I made it a few steps across the patchwork carpet before I spun back around, rushed back up to the door, and relocked it. Oh, how Auntie loved to berate me every time I forgot to do that.

“Albo?” I called. “Are you here?”

I untied my apron and threw it onto the nearest sofa chair—one of many Auntie had clumsily organized around our fairly large sitting room. One side of it was our sitting room, and the other was her makeshift bedroom, complete with a bed, a wardrobe, and a mirror balancing over an old chest only she had the key to. I always wondered if that was where she kept the piles of money she refused to give me for my books.

I crossed the room and started up the rickety stairs.

“I know you’re here, Albo.”

I smirked as I stopped on the little landing dividing the lower half of the stairs from the upper half that led up to Kat’s and my room. My fingers ran over the wooden boards of the wall until they hooked into the little crevices between the boards. With very little force on my part, the hidden door popped open, and I stepped out onto the landing. Laughs and conversation ricocheted up from the main floor. Albo’s silhouette, lanky and tall and topped with a dandelion of brown-black hair, cast a faded shadow behind him.

“Damn.” He took a drag from his cigar. “Didn’t think anyone would find me up here.” His hand clung tightly to one of the wooden beams jutting out from the wall behind us as he leaned precariously over the edge of the landing.

I tip-toed to the edge and grabbed a beam myself, but with both hands. “I’m the one who told you where this place was. You shouldn’t be so surprised.” I know you have a master key for some reason.

He took another drag. A scent of black cherry and ash tickled my nose. Interesting, last week he was smoking cinnamon flavored.

“My Aunt is looking for you.”

“Yeah, yeah, I’ll go back soon. You leave five minutes, and suddenly everyone’s on your ass.”

Probably half an hour.

I leaned further over the edge, letting the beam hold my weight. The people below looked so jovial from up here. A trio of light-class men in red and blue velvet suits sat laughing at the bar. Their voices were lost to distance, but I imagined they were laughing at some innocent thought. Maybe that’s why my secret little landing occupied a special corner in my heart. I could look down on the diverse company below and hear the buzz of the night without actually listening to a word. Rather than being on the edge of Bexbury—flanked by the forest on one side and the mostly dark-class homes and businesses on the other—we were drifting in an ocean where none of the outside world existed.

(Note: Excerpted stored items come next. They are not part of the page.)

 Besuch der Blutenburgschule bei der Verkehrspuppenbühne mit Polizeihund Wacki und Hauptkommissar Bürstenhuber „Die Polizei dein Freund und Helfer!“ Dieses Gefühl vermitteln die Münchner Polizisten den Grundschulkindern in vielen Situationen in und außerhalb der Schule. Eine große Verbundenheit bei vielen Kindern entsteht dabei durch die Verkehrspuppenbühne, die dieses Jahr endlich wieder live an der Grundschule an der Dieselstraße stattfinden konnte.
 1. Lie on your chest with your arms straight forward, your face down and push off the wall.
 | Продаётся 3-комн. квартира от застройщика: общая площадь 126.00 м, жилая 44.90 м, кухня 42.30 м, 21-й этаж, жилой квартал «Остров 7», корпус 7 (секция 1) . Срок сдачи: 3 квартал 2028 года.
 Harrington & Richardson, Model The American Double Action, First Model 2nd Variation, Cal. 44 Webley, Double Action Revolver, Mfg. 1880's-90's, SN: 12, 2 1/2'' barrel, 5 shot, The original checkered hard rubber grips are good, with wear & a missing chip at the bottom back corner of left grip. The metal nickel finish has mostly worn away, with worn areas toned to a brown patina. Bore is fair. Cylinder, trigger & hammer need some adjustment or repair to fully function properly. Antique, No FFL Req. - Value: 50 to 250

“Come up here to read?” Albo nodded to my stack of books pressed against the wall behind us.

“What else is there for people like us to do besides dive into fantasy?”

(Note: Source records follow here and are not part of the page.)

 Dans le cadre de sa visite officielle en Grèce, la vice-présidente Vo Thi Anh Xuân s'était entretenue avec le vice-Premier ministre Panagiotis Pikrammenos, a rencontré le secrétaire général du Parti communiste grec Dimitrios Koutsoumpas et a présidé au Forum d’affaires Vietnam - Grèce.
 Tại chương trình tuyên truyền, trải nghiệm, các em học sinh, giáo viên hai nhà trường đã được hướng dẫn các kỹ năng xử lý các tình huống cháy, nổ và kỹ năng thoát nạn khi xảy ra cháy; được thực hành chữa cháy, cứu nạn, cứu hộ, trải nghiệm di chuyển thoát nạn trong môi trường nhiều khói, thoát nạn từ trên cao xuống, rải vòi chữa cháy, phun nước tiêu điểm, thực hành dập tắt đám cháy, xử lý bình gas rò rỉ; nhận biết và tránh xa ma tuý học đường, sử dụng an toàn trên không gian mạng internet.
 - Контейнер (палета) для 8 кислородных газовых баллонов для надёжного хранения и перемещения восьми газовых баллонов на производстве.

“Can’t live in a fantasy world forever, Evie. Have to face reality sooner or later.”

The same group of men I’d overheard before were still gathered near the fire, downing new pints of beer and eyeing Christa as she descended the stairs across the room.

“What if reality is less than appealing?”

Albo took a long drag from his cigar, taking a long time to breathe the smoke out. “Then change it.”

He held the butt of his cigar over the edge, balancing it between his fingers. A tall, muscled soldier who was paler than the moon lingered just under it. His head was in the perfect position to catch the still red cigar butt. Albo held it out for a few seconds, and for a moment, I thought he might actually do it.

Albo crushed the butt in his palm. “Enjoy your stories.” He stuffed the crushed butt into his pocket, then slipped out the door, leaving me alone.

I pulled myself back from the ledge and leaned back against my wall, sliding down next to my stack of books.

Across the barn through the beams and rafters, I made out Kat’s golden hair and her alluring pink dress ascending the stairs. A heavy-set light-class man followed right behind her. My heart clenched in my chest. Was that going to be my reality?

I averted my eyes. No, I could change anything—that’s what my nights with Jace and Gilow were for. I’d deal with fixing my reality when I had to.

But for tonight, I wanted to drift away.

So I pulled my current volume of Taliver off the top of the stack and opened the book.